Supplied data START

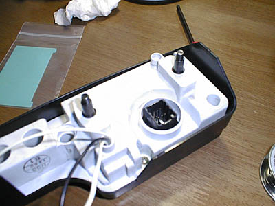 白いメーターケースの底に空いている小さな穴をドリルで揉んで丸穴にして、底から配線を引っ張り出します。3本の線のうち、2本はEL板の端子につながっており、残りの黒いリード線は基板裏の適当なグランドパターンにはんだ付けします。。この黒いリードは、ドライブモジュールのコモン(GND)に接続するためのものです。別に、基盤裏のパターンから引っ張り出さなくても、車体の金属部分ならどこでも良いのだけれど、こうしたほうが配線がすっきりまとめられそうだったのでそうしたのです。
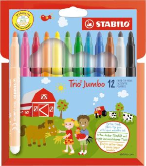STABILO Trio Jumbo viltstift, etui van 12 stuks, assorti
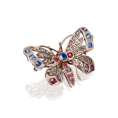 set throughout with sapphires, rubies and rose-cut diamonds, with detachable brooch fitting, unmarked
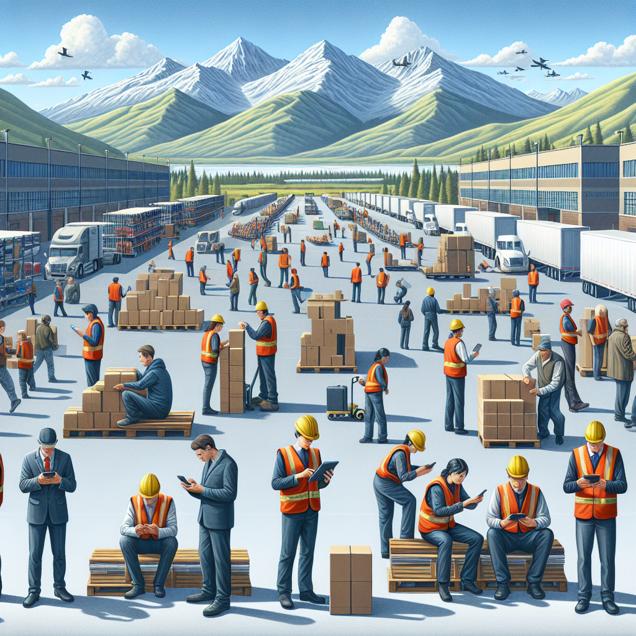 Prompt: In a photorealistic style, depict a bustling distribution center in Idaho, with logisticians actively coordinating the movement of goods. Surround the distribution center with mountains in the background to capture the Idaho landscape. Simultaneously, show individuals on their break, engrossed in their phones, as they search for "who is Alexa," conveying their curiosity about efficient organization. Capture the scene in intricate detail, highlighting the meticulous coordination and the intrigue surrounding modern technology. The depiction should include only scenes, people, and objects, it should not include text or speech bubbles.
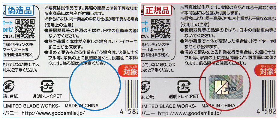 This post aims to help these people by providing an English translation of the Good Smile guide, as well as a quick five-point list of the most important points when trying to spot fakes. Do take note that the items on the left with the red tags are the originals, and the ones on the right with the blue tags are the fakes.
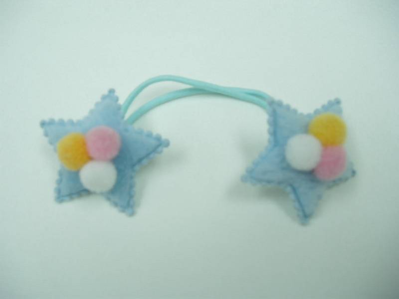 ヘアゴム、白XオレンジXピンクボンボン付星型
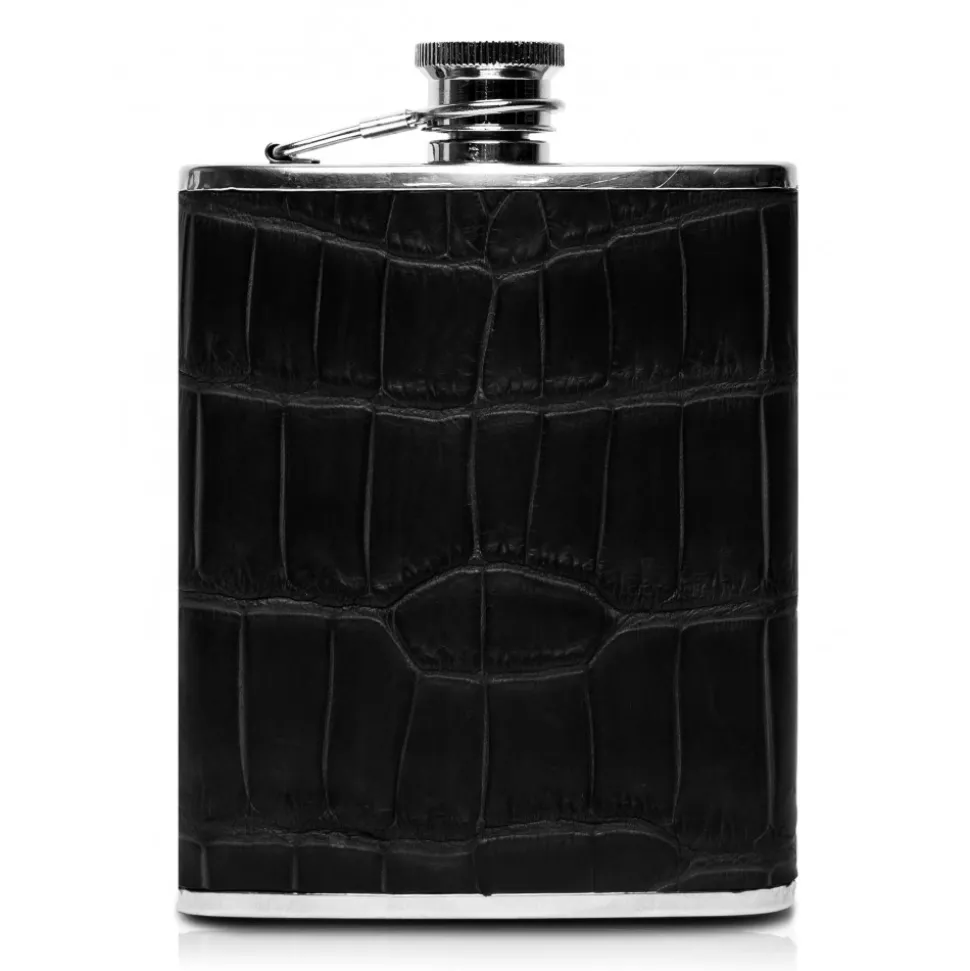 Handmade hip flask in crocodile leather made in Italy.
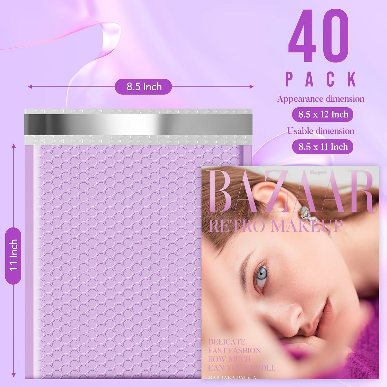 - Opaque Padded Envelopes: Our lavender bubble mailers 8.5 x 12 (inner size is 8.5x11 inch) with full air and inner lining is using opaque film, the items in the padded mailers cannot be seen, even if there is strong light, which can protect your privacy well.
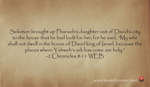 Solomon brought up Pharaoh’s daughter out of David’s city to the house that he had built for her; for he said, “My wife shall not dwell in the house of David king of Israel, because the places where Yahweh’s ark has come are holy.” -2 Chronicles 8:11 WEB
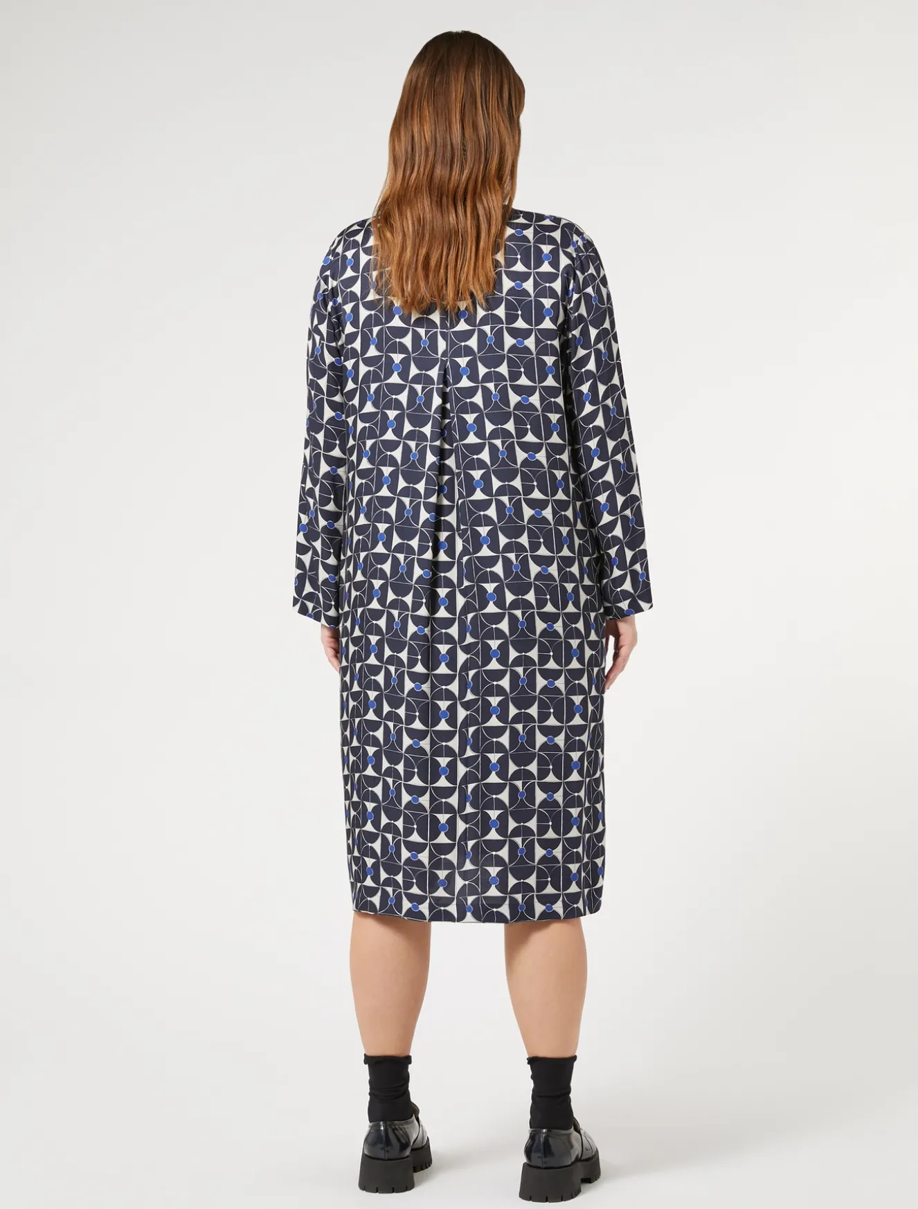 Stampa grafica esclusiva per l’abito chemisier in twill di viscosa, dalla linea svasata con contropiega sul retro. Lo puoi indossare con la fusciacca in coordinato da annodare al collo o in vita.Il capo fa parte della collezione Voyage.

Supplied data END

◆ About this exercise ◆
All that should appear in the response is the run of lines from the one with "Solomon brought up" through the final line of the records, restated exactly, with pictures omitted.

◆ Response below ◆
 Solomon brought up Pharaoh’s daughter out of David’s city to the house that he had built for her; for he said, “My wife shall not dwell in the house of David king of Israel, because the places where Yahweh’s ark has come are holy.” -2 Chronicles 8:11 WEB
 Stampa grafica esclusiva per l’abito chemisier in twill di viscosa, dalla linea svasata con contropiega sul retro. Lo puoi indossare con la fusciacca in coordinato da annodare al collo o in vita.Il capo fa parte della collezione Voyage.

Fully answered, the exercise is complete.